_Task prompt_
With pictures removed, output every record below exactly as written.

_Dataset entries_

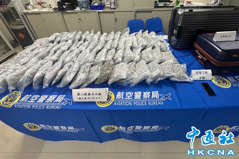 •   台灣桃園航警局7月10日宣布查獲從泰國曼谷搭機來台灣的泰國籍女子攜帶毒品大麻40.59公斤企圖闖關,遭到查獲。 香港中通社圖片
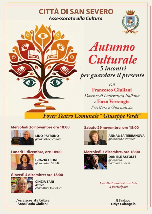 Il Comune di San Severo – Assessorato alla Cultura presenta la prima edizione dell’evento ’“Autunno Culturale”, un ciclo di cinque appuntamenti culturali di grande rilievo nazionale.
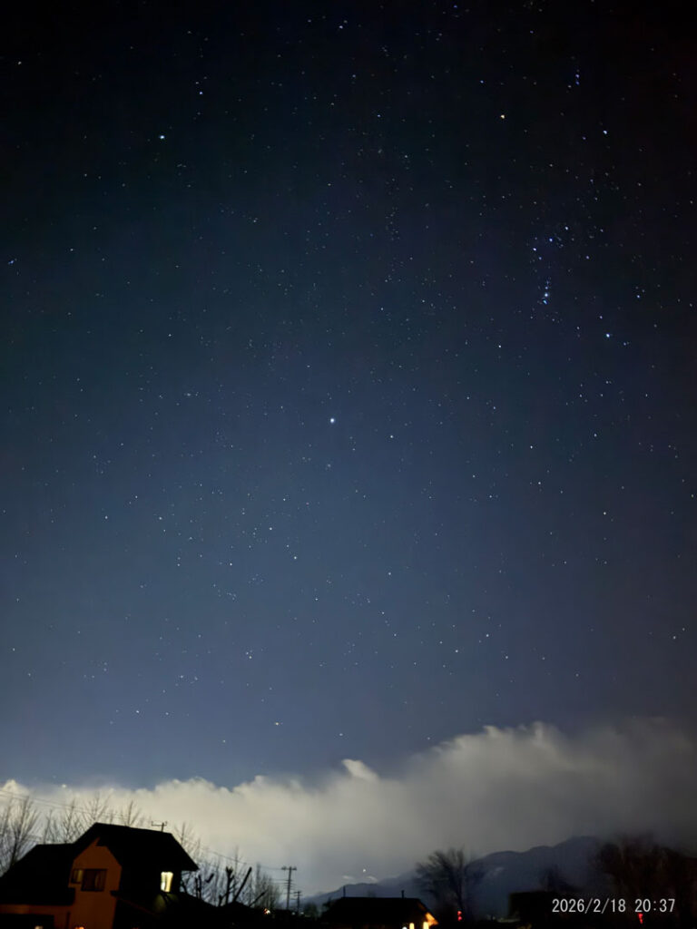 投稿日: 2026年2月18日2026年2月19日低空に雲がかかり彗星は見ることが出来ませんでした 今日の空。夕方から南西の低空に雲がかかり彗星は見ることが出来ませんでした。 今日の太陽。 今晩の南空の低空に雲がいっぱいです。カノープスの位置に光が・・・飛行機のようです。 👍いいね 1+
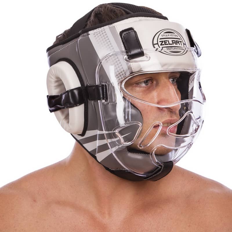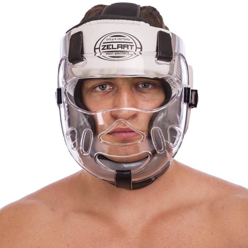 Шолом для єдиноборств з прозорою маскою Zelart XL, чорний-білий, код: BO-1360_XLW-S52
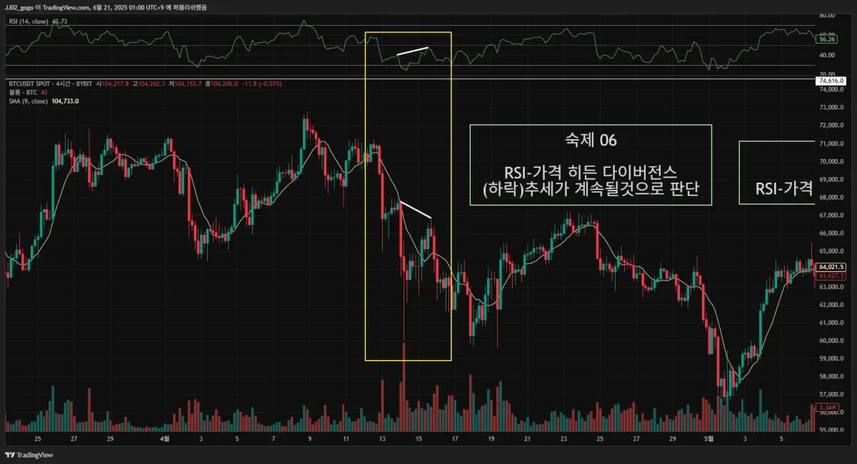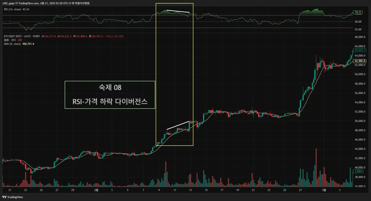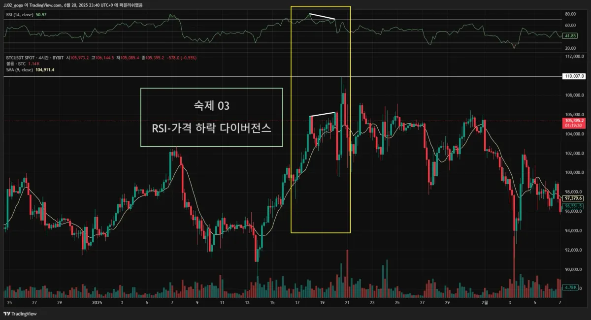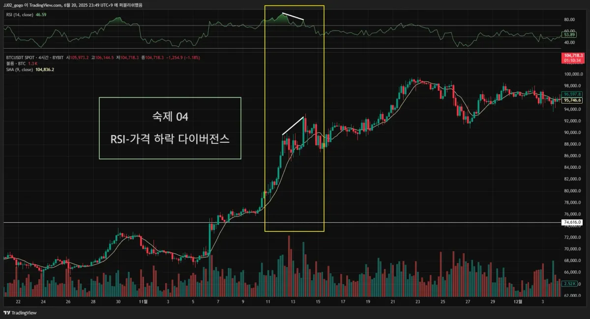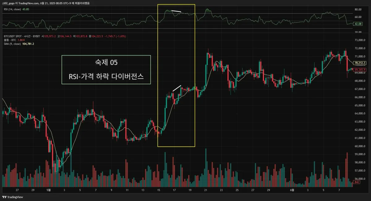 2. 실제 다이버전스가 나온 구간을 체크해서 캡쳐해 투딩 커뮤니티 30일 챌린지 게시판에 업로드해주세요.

_Task response_
 •   台灣桃園航警局7月10日宣布查獲從泰國曼谷搭機來台灣的泰國籍女子攜帶毒品大麻40.59公斤企圖闖關,遭到查獲。 香港中通社圖片
 Il Comune di San Severo – Assessorato alla Cultura presenta la prima edizione dell’evento ’“Autunno Culturale”, un ciclo di cinque appuntamenti culturali di grande rilievo nazionale.
 投稿日: 2026年2月18日2026年2月19日低空に雲がかかり彗星は見ることが出来ませんでした 今日の空。夕方から南西の低空に雲がかかり彗星は見ることが出来ませんでした。 今日の太陽。 今晩の南空の低空に雲がいっぱいです。カノープスの位置に光が・・・飛行機のようです。 👍いいね 1+
 Шолом для єдиноборств з прозорою маскою Zelart XL, чорний-білий, код: BO-1360_XLW-S52
 2. 실제 다이버전스가 나온 구간을 체크해서 캡쳐해 투딩 커뮤니티 30일 챌린지 게시판에 업로드해주세요.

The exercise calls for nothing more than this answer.